The Principal Investment Strategy of the Fund

The HNP Growth and Preservation Fund is a mutual fund that, under normal market conditions, invests in a group of exchange traded funds ("ETFs"), exchange traded notes ("ETNs") and/or money market funds. The underlying ETFs generally invest in, and the underlying ETNs generally track indices related to, equity securities, fixed income securities, real estate investment trusts ("REITs"), and commodities. The Adviser allocates assets among these various categories based on its proprietary risk return screening model. The Adviser may also allocates assets to ETFs that hold and ETNs that track indices that are comprised of small and medium sized companies based on its proprietary risk return screening model. The Fund's investment strategy includes both growth and value style investing. The Fund may invest in ETFs that hold, and ETNs that track, foreign securities and American Depository Receipts ("ADRs"). The Fund may engage in short-term trading.

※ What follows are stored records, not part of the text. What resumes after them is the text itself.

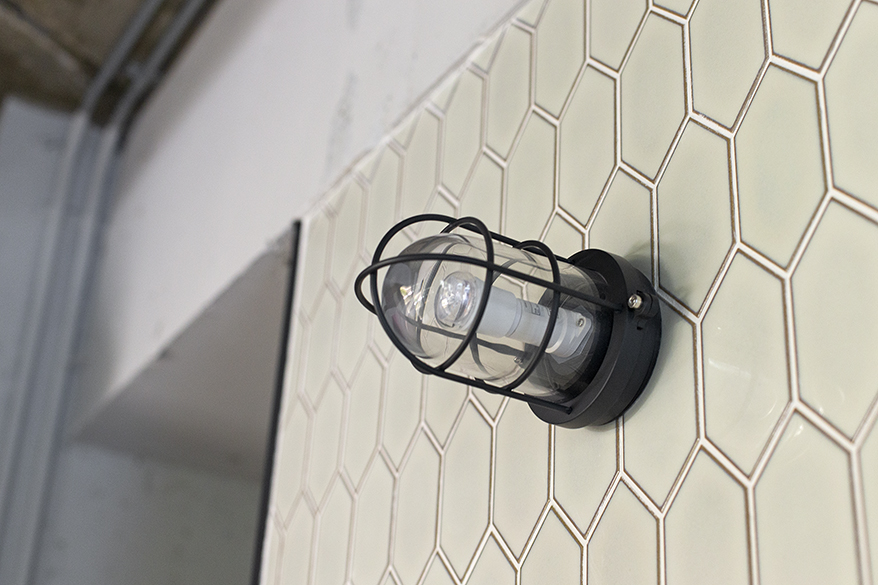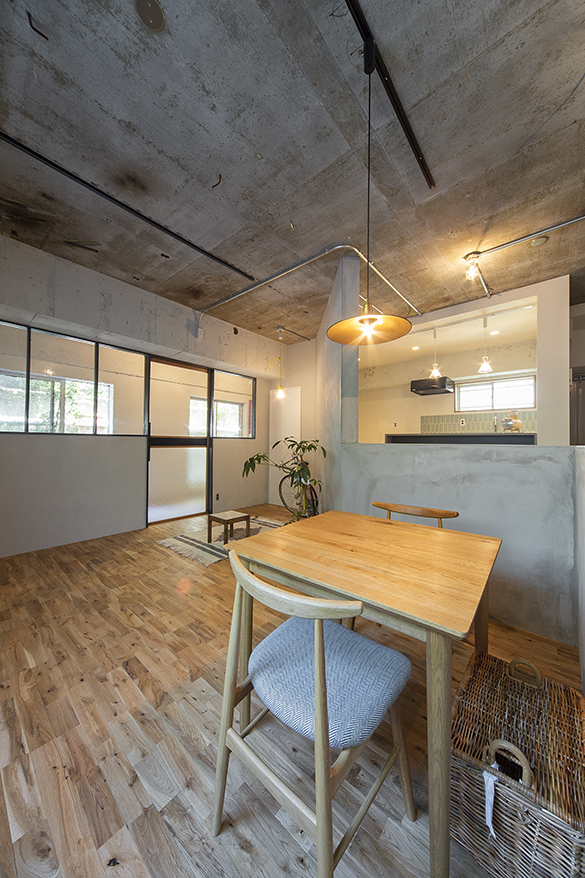 では、ぐるりと一周してみましょう。まずは、ダイニングスペース。高低差のあるナナメの間仕切り壁で、空間をゾーニングしています。背の高い壁はブロック塀をモルタルで塗装しました。ドアを開けると土間スペースが広がり、掃き出し窓からお庭へと出ることができます。この掃出し窓、店舗時代につぶされて、今回復活しました。断熱性能もアップしています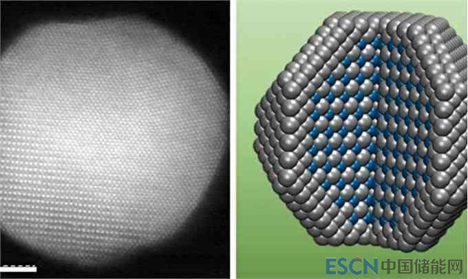 這些粒子有一個純鉑外殼,圍繞著一個由鉑和鈷原子交替層構(gòu)成的核心。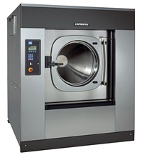 - High speed barrier washer extractor with two opposed doors. Total separation of clean and dirty linen. Dirty linen is loaded on the front door and clean linen is unloaded from the rear.

The Fund seeks long-term capital appreciation, while attempting to preserve capital by mitigating prolonged asset class depreciation. The Fund may be fully invested, partially invested or fully in cash or cash equivalents at any time. The Adviser uses a proprietary screening model to make purchase and sale decisions by confirming both short-term and long-term marketplace trends. When an asset class is in a confirmed upward trend, a buy signal is triggered. At this point the Adviser may purchase, what it believes to be, the most appropriate investment vehicle to track the asset class that is in an upward trend. When an underlying asset class is in a confirmed downward trend, a partial or full sell signal is triggered. At this point the Adviser may sell some or all of the investment vehicle held in the portfolio that it believes will continue trending downward. When the Fund is fully invested it will typically invest in ETF's that hold, and/or ETN's that track domestic equities, foreign securities, ADRs, commodities, fixed income securities and REITs. ETNs are a type of unsecured, unsubordi-nated debt security. There is no limit in which the Fund may invest in ETFs, ETNs and/or money market funds.

The Fund is a "non-diversified" portfolio, which means it can invest in fewer securities at any one time than a diversified portfolio and can invest more of its assets in securities of a single issuer than a diversified portfolio. Also, the Fund may participate in a limited number of industry sectors, but will not concentrate its investments in any particular industry.

The Principal Risks of Investing in the Fund

Risks of Exchange Traded Funds. Investment in an exchange traded fund (ETF) carries security specific risk and the market risk. Also, if the area of the market representing the underlying index or benchmark does not perform as expected for any reason, the value of the investment in the ETF may decline. In addition, due to transactions via market prices rather than at net asset value, the performance of an ETF may not completely replicate the performance of the underlying index.

Risks of Exchange Traded Notes. ETNs combine certain aspects of bonds and ETFs. Similar to ETFs, ETNs are traded on a major exchange (e.g., NYSE) during normal trading hours. The value of the ETN may drop due to a downgrade in the issuer's credit rating, despite the underlying index remaining unchanged. ETNs are synthetic instruments in that they do not represent an interest in a basket of underlying securities, but they derive their return (or loss) from the performance of a group of securities, such as those represented in an index. Additionally, because the ETNs are issued by third parties, there is a risk that the party issuing the ETN may default.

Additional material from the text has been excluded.